BACKGROUND OF THE INVENTION
[0002] 1. Field of the Invention
[0003] The present invention relates generally to a wireless power
transmitter and a wireless power receiver, and control methods
thereof, and more particularly, to a wireless power transmitter and
a wireless power receiver capable of performing communication in a
predetermined manner, and control methods thereof.
[0004] 2. Description of the Related Art
[0005] Mobile terminals such as a mobile phone, a PDA (Personal
Digital Assistant) and the like are driven by rechargeable
batteries, and the battery of the mobile terminal is charged
through supplied electric energy using a separate charging
apparatus. In general, a separate contact terminal is arranged
external to the charging apparatus and the battery, and the
charging apparatus and the battery are electrically connected to
each other through contact between them.
[0006] However, since the contact terminal typically outwardly
protrudes in such a contact type charging scheme, the contact
terminal is easily contaminated by foreign substances and thus the
battery charging may not be correctly performed. Further, the
battery charging may also not be correctly performed in a case
where the contact terminal is exposed to moisture.
[0007] Recently, a new wireless charging or a non-contact charging
technology has been developed and used for electronic devices in an
effort to solve the above-mentioned problem.
[0008] Such a wireless charging technology employs wireless power
transmission/reception, and corresponds to, for example, a system
in which a battery can be automatically charged if the battery is
laid on a charging pad, without the need of connecting the mobile
phone or battery to a separate charging connector. The wireless
charging technology is generally known to be used for wireless
electric toothbrushes or wireless electric shavers. Accordingly, a
waterproof function can be improved since these electronic products
are wirelessly charged through the wireless charging technology,
and the portability of the electronic devices can be increased
since there is no need to provide a wired charging apparatus.

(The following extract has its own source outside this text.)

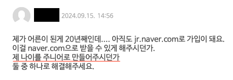 간혹, 네이버 로그인을 한 사용자 중에 @jr.naver.com 이메일 주소를 사용하는 경우가 보인다.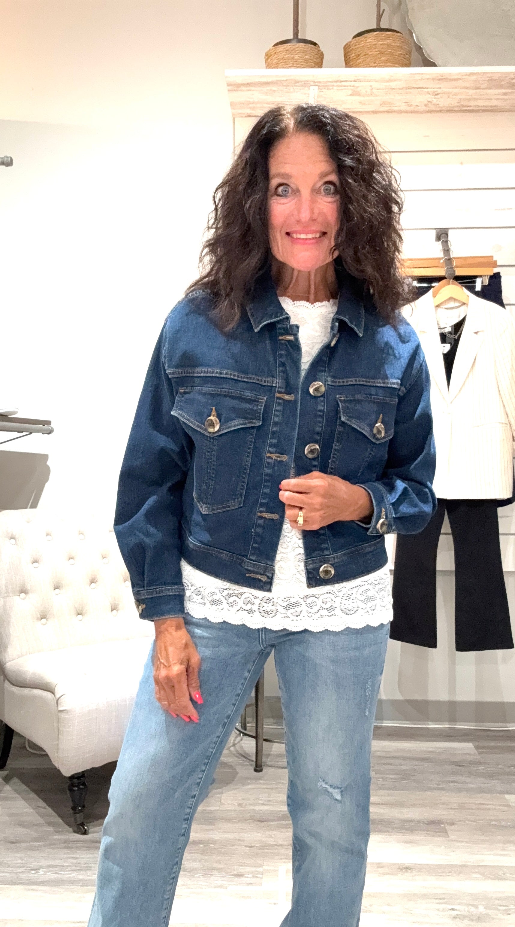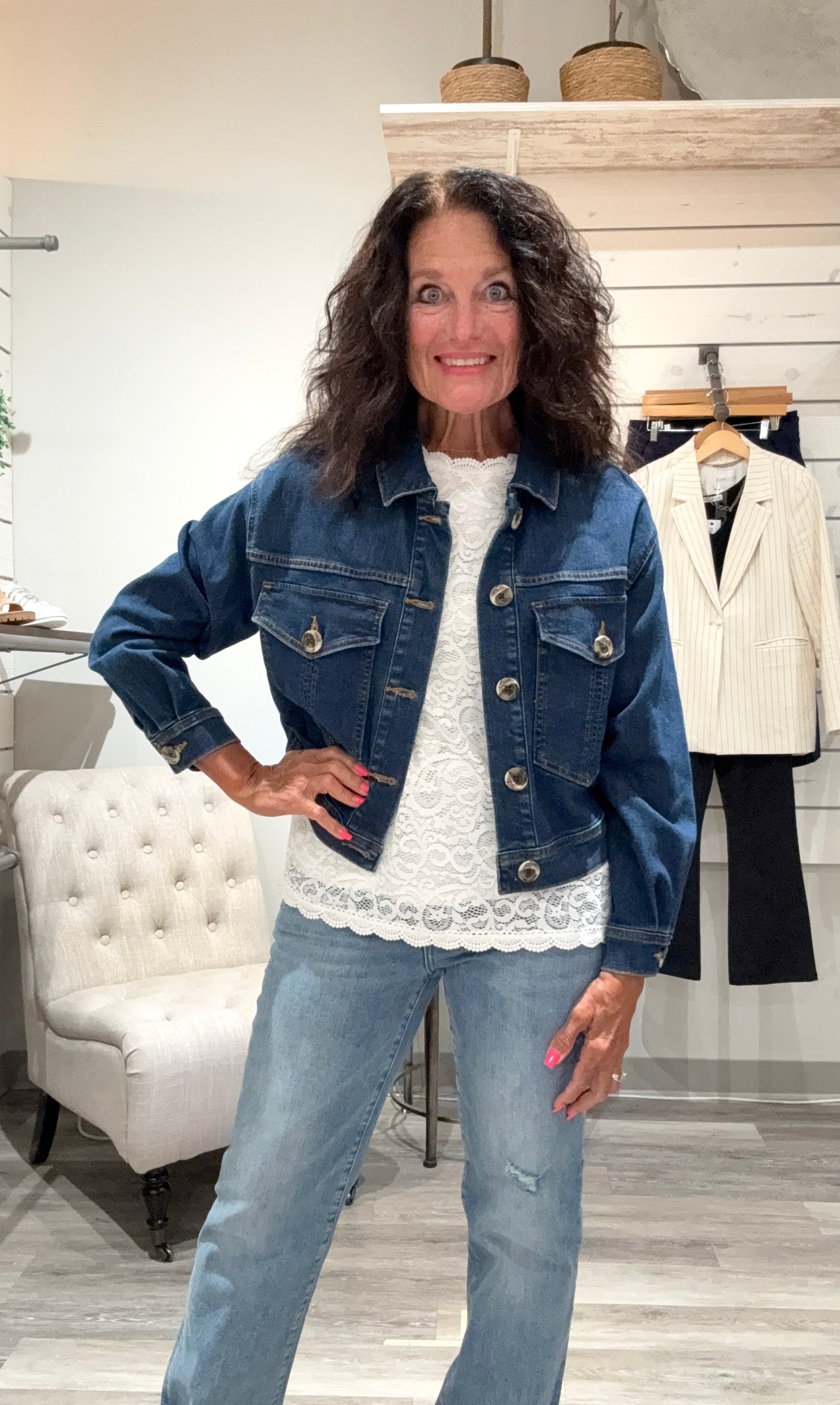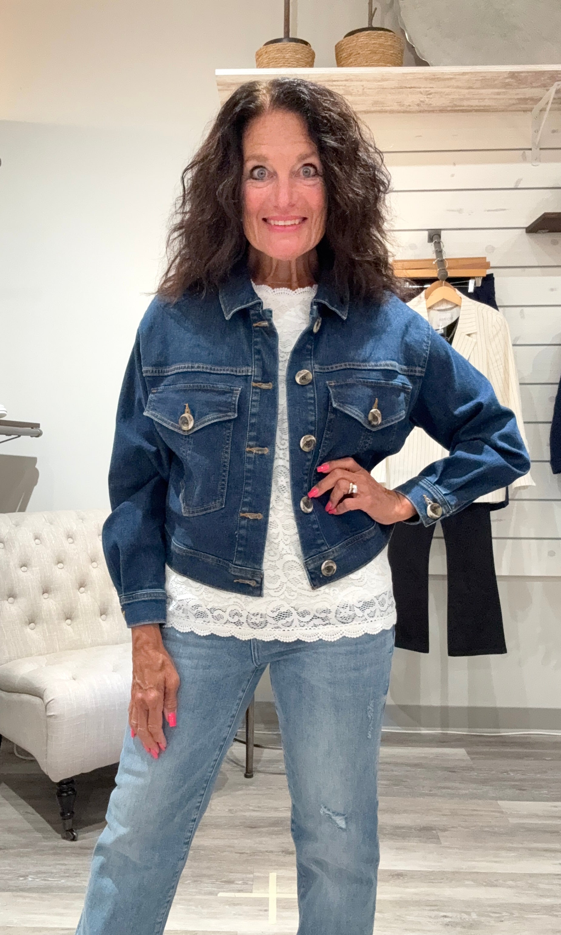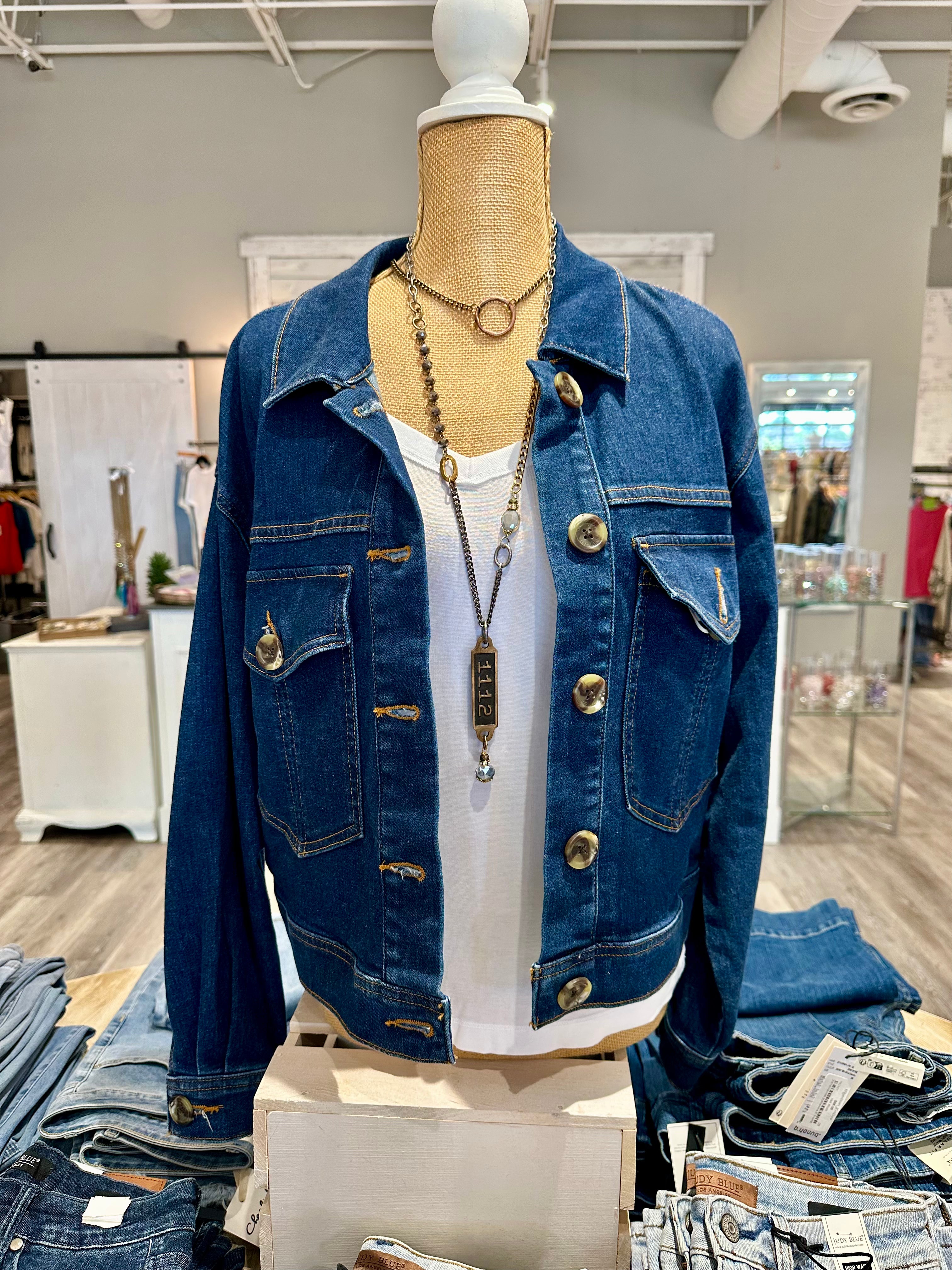 Looking for a versatile and timeless addition to your wardrobe? Whether you prefer a classic trucker style, an oversized fit, or a cropped jacket, a denim jacket is a piece you'll reach for season after season. It's a great layering piece that instantly adds a cool, effortless vibe to any outfit. Come find your perfect denim jacket today and see why it's a true wardrobe essential!

Therefore, technologies related to wireless charging are expected
to be significantly developed in coming age of electric cars.

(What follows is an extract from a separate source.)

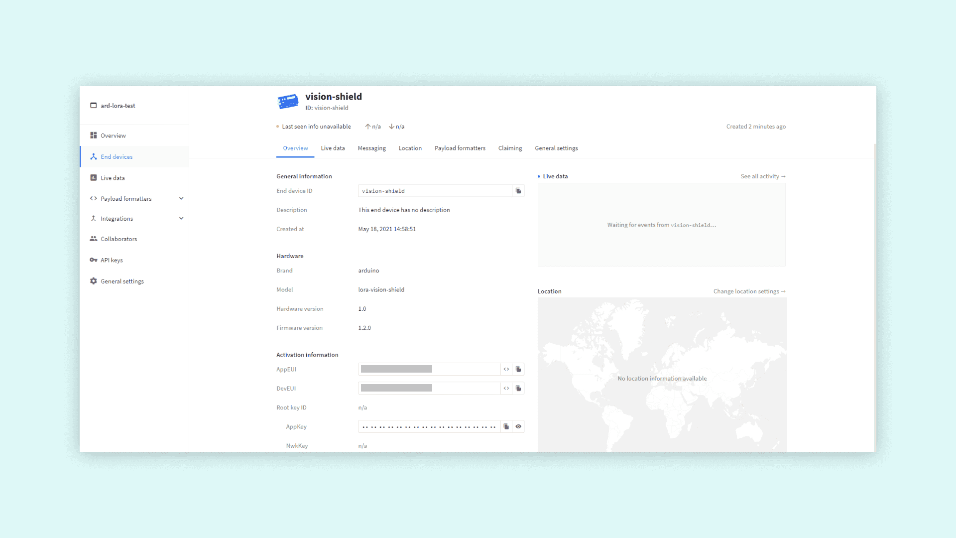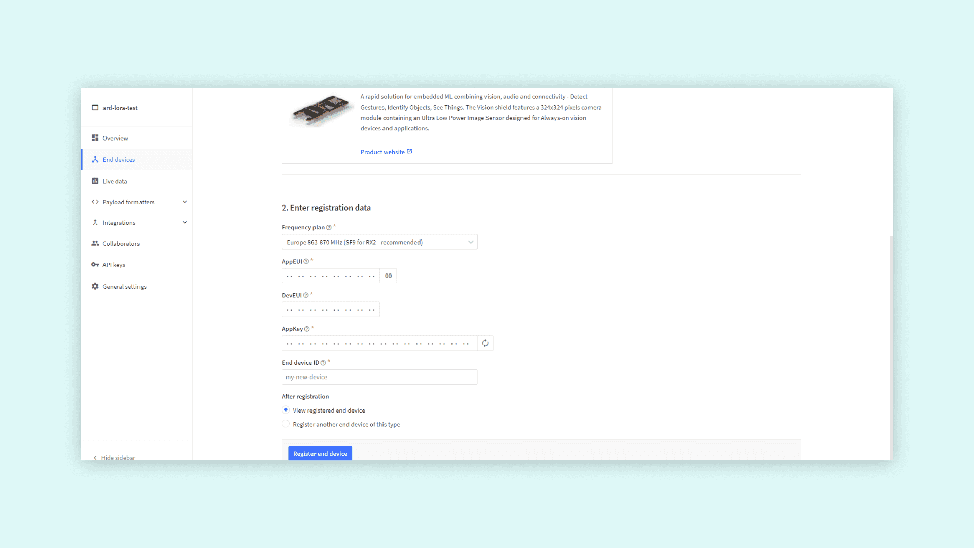 • End devices: here you can see and manage all the associated devices (e.g. your Portenta H7 with Portenta Vision Shield - LoRa, Arduino MKR WAN 1300 or MKR WAN 1310), or proceed with the registration of a new one. Registering a new device lets you generate an AppEUI and an AppKey.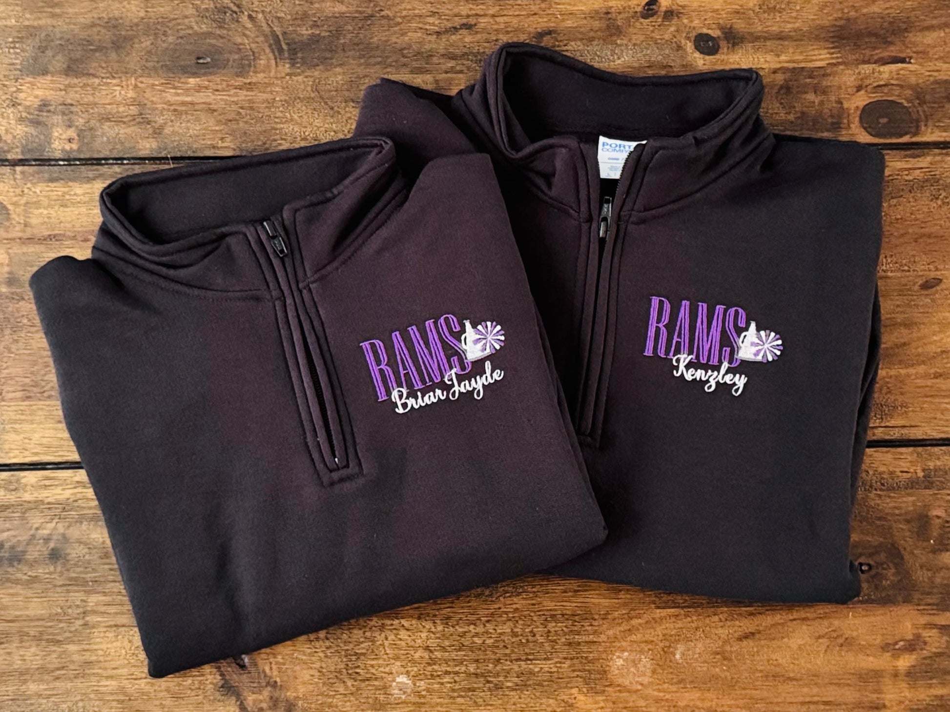 Stay warm while showing your team spirit in this cozy quarter zip, custom embroidered with RAMS cheer lettering, a megaphone, pom, and your cheerleader's name! Perfect for chilly games and practices.

[0009] The wireless charging technology typically includes an
electromagnetic induction scheme using a coil, a resonance scheme
using a resonance, and an RF/microwave radiation scheme converting
electrical energy to microwaves and then transmitting the
microwaves.
[0010] It has been considered up to now that the electromagnetic
induction scheme is mainstream, but it is expected that the day
will come when all electronic products are charged, anytime and
anywhere, without a wire in the near future on the strength of
recent successful experiments for wirelessly transmitting power to
a destination that can be dozens of meters away through the use of
microwaves at home and abroad.
[0011] A power transmission method through electromagnetic
induction corresponds to a scheme of transmitting power between a
first coil and a second coil. When a magnet approaches the coil, an
induced current is generated. A transmission side generates a
magnetic field using the induced current and a reception side
generates energy through an induced current according to changes in
the magnetic field. This phenomenon is referred to as magnetic
induction, and the power transmission method using magnetic
induction has a high energy transmission efficiency.

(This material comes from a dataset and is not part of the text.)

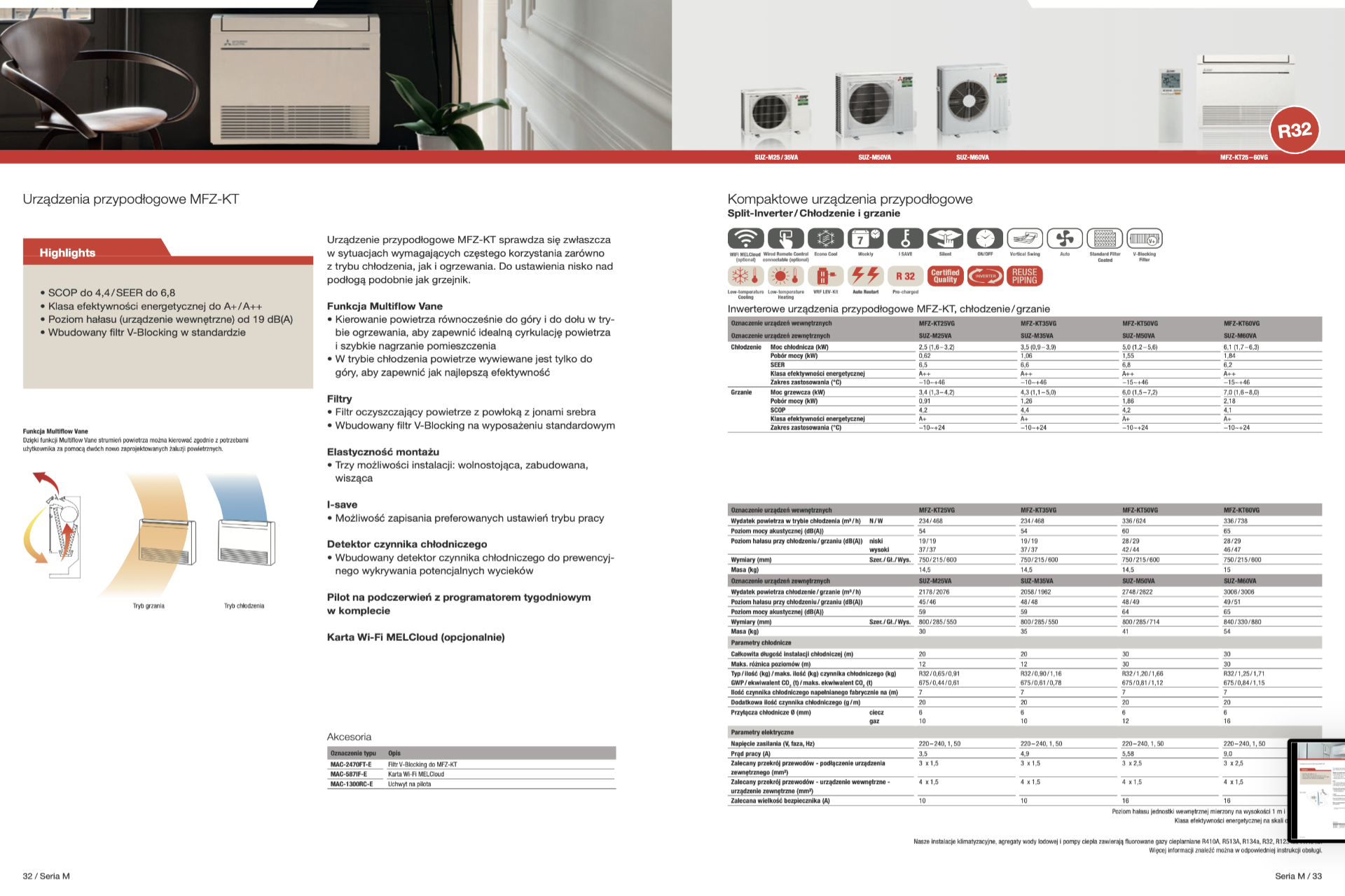 MFZ-KT pracuje wyjątkowo cicho – od 20 dB(A), a dzięki wbudowanemu detektorowi czynnika chłodniczego zwiększa bezpieczeństwo użytkowania. Funkcja I-Save pozwala na zapisanie preferowanych ustawień pracy, a elastyczne opcje montażu (wolnostojąca, zabudowana, wisząca) sprawiają, że urządzenie można dostosować do różnych wnętrz.

[0012] With respect to the resonance scheme, a system in which
electricity is wirelessly transferred using a resonance scheme
based on a coupled mode theory has been developed even if a device
to be charged is separated from a charging device by several
meters. An electromagnetic wave is resonated, containing electrical
energy instead of resonating sounds. The resonated electrical
energy is directly transferred only when there is a device having a
resonance frequency and parts of electrical energy which are not
used are reabsorbed into an electromagnetic field instead of being
spread in the air, so that it is considered that the electrical
energy does not affect surrounding machines or people, unlike other
electromagnetic waves.
[0013] Meanwhile, a need exists for a standard for a configuration
and a procedure in which the wireless power receiver selects the
wireless power transmitter to receive wireless power.
[0014] The wireless power transmitter and the wireless power
receiver may perform communication based on a predetermined scheme,
for example, a Zig-Bee scheme or a Bluetooth low energy scheme. By
an out-band scheme such as the Zig-Bee scheme or the Bluetooth low
energy scheme, an available distance of communication increases.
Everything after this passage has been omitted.